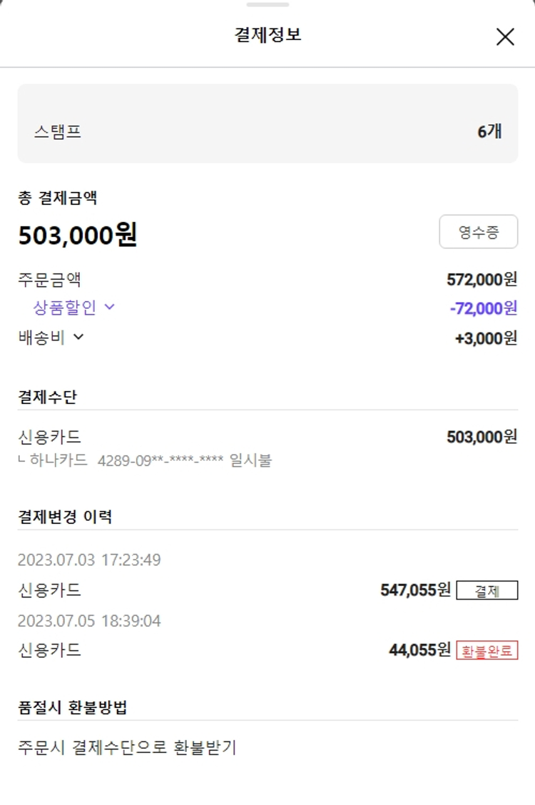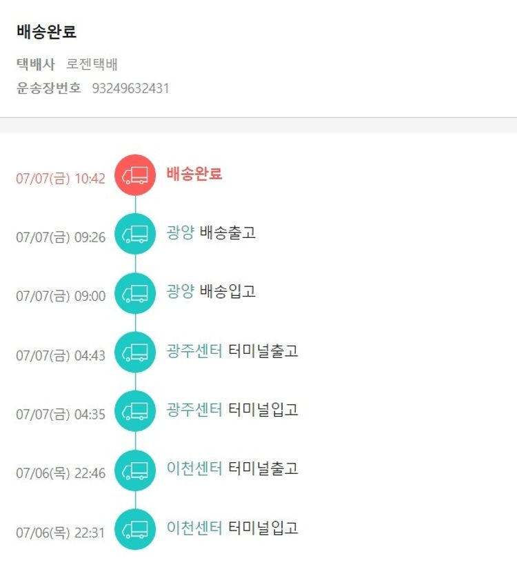 기부자님이 사용한 기부포인트 65,500원, 물품배송비 3,000원, 가격상승분 1,788원, 100원 미만 지원금 67원, 결제 수수료 9,548원, 기타 사업비는 행복나눔재단이 부담했습니다. (기부후기 발송시점에 최종 업데이트 됩니다.) 주문 건 중 품절 건 발생하여 2023. 07. 06. 재주문하였습니다. 실제 쇼핑몰에서 확인되는 배송현황을 캡처한 내용입니다. 실시간 자료와는 차이가 있을 수 있습니다.
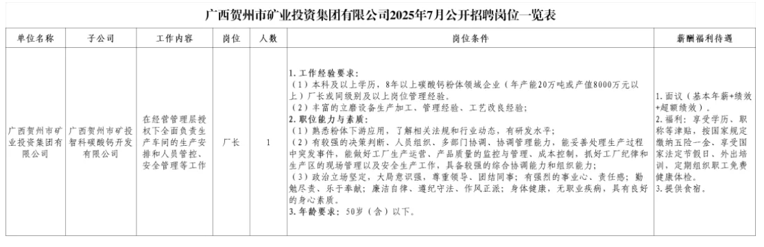 具體內容詳見附件1《廣西賀州市礦業(yè)投資集團有限公司2025年7月公開招聘崗位一覽表》
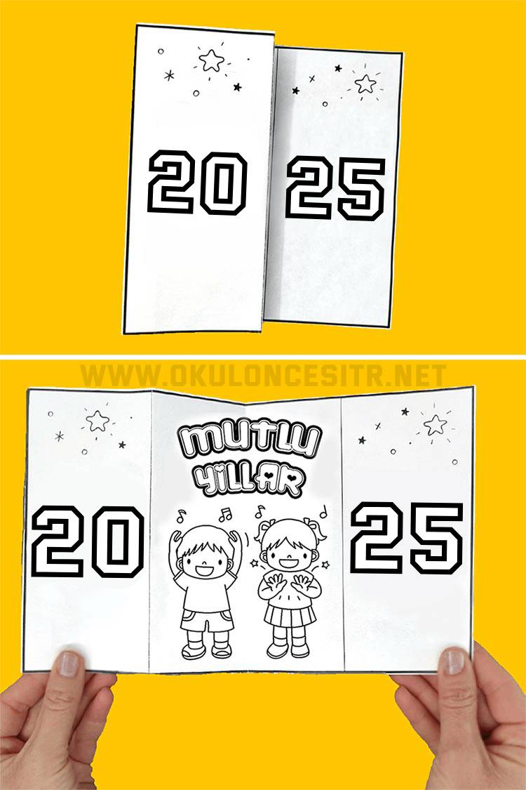 Okulöncesi anasınıfı 2025 yeni yıl etkinliği, 2025 yılbaşı etkinliği, anasınıfı yılbaşı etkinliği kalıbı, 2025 etkinlik kalıbını ücretsiz indirebilirsiniz. İstediğiniz renklerde boyama yaparak güzel bir 2025 etkinliği oluşturabilirsiniz.
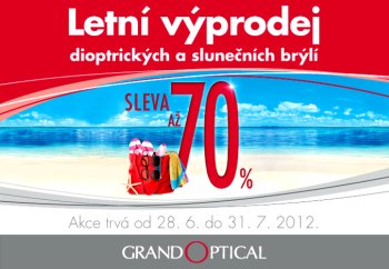 "Pořiďte si nyní sluneční i dioptrické brýle za výhodnou cenu. Sleva se vztahuje na vybrané obruby a sluneční brýle. Nabídka na obruby platí pouze při nákupu kompletních brýlí (brýlové čočky + obruba). Akce trvá od 28. 6. 2012 do 31. 7. 2012, nebo do vyprodání zásob. Více informací na www.grandopitcal.cz "

────

Exercise: Only the pictures are to be left out; write out all the other data exactly.

Result of the task:
 기부자님이 사용한 기부포인트 65,500원, 물품배송비 3,000원, 가격상승분 1,788원, 100원 미만 지원금 67원, 결제 수수료 9,548원, 기타 사업비는 행복나눔재단이 부담했습니다. (기부후기 발송시점에 최종 업데이트 됩니다.) 주문 건 중 품절 건 발생하여 2023. 07. 06. 재주문하였습니다. 실제 쇼핑몰에서 확인되는 배송현황을 캡처한 내용입니다. 실시간 자료와는 차이가 있을 수 있습니다.
 具體內容詳見附件1《廣西賀州市礦業(yè)投資集團有限公司2025年7月公開招聘崗位一覽表》
 Okulöncesi anasınıfı 2025 yeni yıl etkinliği, 2025 yılbaşı etkinliği, anasınıfı yılbaşı etkinliği kalıbı, 2025 etkinlik kalıbını ücretsiz indirebilirsiniz. İstediğiniz renklerde boyama yaparak güzel bir 2025 etkinliği oluşturabilirsiniz.
 "Pořiďte si nyní sluneční i dioptrické brýle za výhodnou cenu. Sleva se vztahuje na vybrané obruby a sluneční brýle. Nabídka na obruby platí pouze při nákupu kompletních brýlí (brýlové čočky + obruba). Akce trvá od 28. 6. 2012 do 31. 7. 2012, nebo do vyprodání zásob. Více informací na www.grandopitcal.cz "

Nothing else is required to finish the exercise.